La Energía como Pilar Fundamental de la Competitividad en América del Norte
La energía es el pilar más esencial detrás de conceptos como reindustrialización, cerca de la costa (nearshoring), inteligencia artificial y la competitividad en América del Norte. No puedes operar fábricas, servidores ni cadenas de suministro sin un suministro de energía fiable, escalable y asequible. La energía no es un tema secundario: es el sistema operativo de la actividad económica moderna.
El Rol de México en el Sistema Energético
El papel de México en este sistema a menudo se percibe a través de una lente obsoleta centrada en el petróleo. Hace cuarenta años, esta visión tenía sentido. En 1982, México exportaba alrededor de 24 mil millones de dólares, de los cuales casi el 65% eran crudos. Hoy en día, México exporta más de 620 mil millones de dólares, donde el petróleo representa solo el 3.5% del total, mientras que la manufactura abarca casi el 90%. En otras palabras, la economía mexicana ha evolucionado de ser dependiente del petróleo a estar impulsada por la manufactura, que es, ante todo, intensiva en el uso de energía.
Integración Energética entre México y Estados Unidos
Al observar solo las importaciones, la integración se hace aún más evidente: prácticamente todo el gas natural que México importa —más del 99%— llega a través de oleoductos desde Estados Unidos, lo que refleja un alto grado de interdependencia física y comercial entre ambos sistemas energéticos, especialmente con los productores estadounidenses en Texas, para quienes México se ha convertido en un mercado crítico y estable.
Dependencia del Gas Natural
El gas natural ahora es el ancla de la generación de electricidad de México, la producción industrial y la manufactura de exportación, mucho de lo cual apoya directamente las cadenas de suministro de Estados Unidos.
Impacto en la Economía y la Productividad
El resultado es claro: bajo muchas medidas comerciales, Estados Unidos ahora tiene un superávit energético con México, lo que significa que el valor de las exportaciones energéticas estadounidenses a México supera el de las exportaciones energéticas mexicanas a Estados Unidos. Este superávit apoya el PIB de EE. UU., sustenta empleos en la producción y refinamiento de energía, y fortalece la posición de América en los mercados energéticos globales.

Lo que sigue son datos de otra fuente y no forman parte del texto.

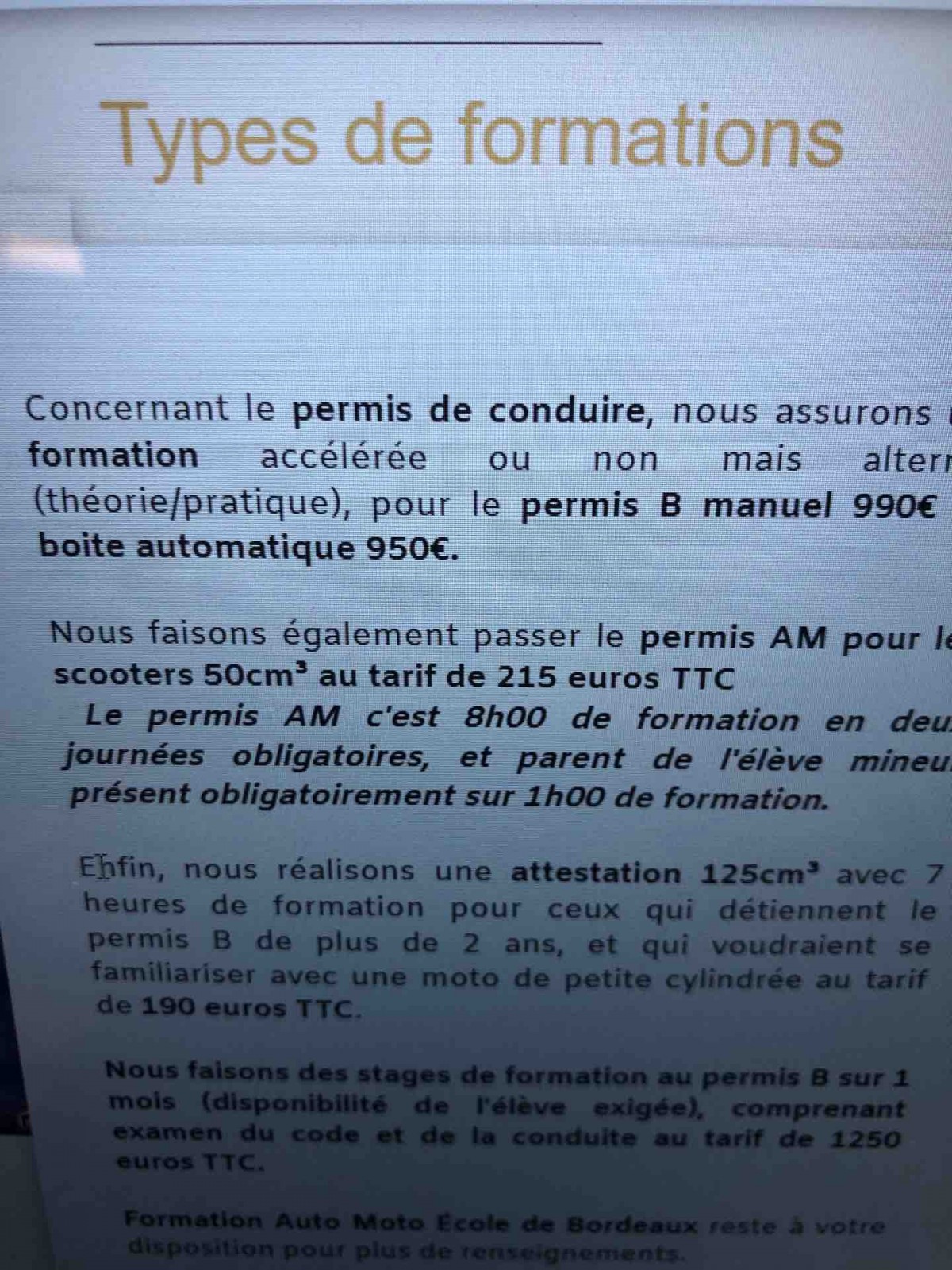 Savez-vous que chez auto moto école Bordeaux, nous vous proposons le permis à M pour 215 € TTC.

Como lo documenta la Administración de Información Energética de EE. UU., esta integración no es temporal ni marginal. Las entregas de gas natural estadounidense a México han aumentado considerablemente desde principios de los años 2000, y hoy en día la mayoría de las exportaciones de gas por oleoducto de EE. UU. fluyen hacia el sur en lugar de hacia el extranjero.
La Importancia de la Política Energética
Por esta razón, la política energética no puede ser un pensamiento posterior en los debates sobre estrategia económica o competencia geopolítica. México no es periférico a la seguridad energética de EE. UU.; es central. La producción, refinamiento y capacidad de exportación de energía estadounidenses están cada vez más interconectadas con la demanda, infraestructura y crecimiento industrial de México. Asimismo, la capacidad de México para mantener su base manufacturera y aprovechar las oportunidades de cerca de la costa depende del acceso continuo a la energía estadounidense y condiciones de inversión predecibles.
Colaboraciones y el Futuro Energético
Si Estados Unidos quiere seguir siendo una potencia energética, no puede hacerlo solo. No se trata solo de perforar en Texas o Nuevo México; es cuestión de establecer asociaciones inteligentes, marcos comerciales sólidos y colaborar estrechamente con vecinos fiables. Visto de esta manera, la energía se integra naturalmente con otros temas relevantes. Si la inteligencia artificial es el cerebro de la economía futura, la energía es su sistema circulatorio. Y hoy, ese sistema fluye a través de América del Norte.
Conclusión
En conclusión, la energía no solo respalda la economía moderna, sino que también establece un vínculo vital entre México y Estados Unidos. Este lazo es fundamental para el crecimiento competitivo en la región, haciendo de la política energética un componente clave para avanzar hacia un futuro robusto y colaborativo.
- La energía es fundamental para el funcionamiento de la actividad económica moderna.
- La economía de México ha evolucionado hacia un modelo orientado a la manufactura, intensivo en energía.
- La integración energética entre México y Estados Unidos es crucial para la prosperidad mutua.
- La política energética debe ser un enfoque prioritario en la estrategia económica y geopolítica.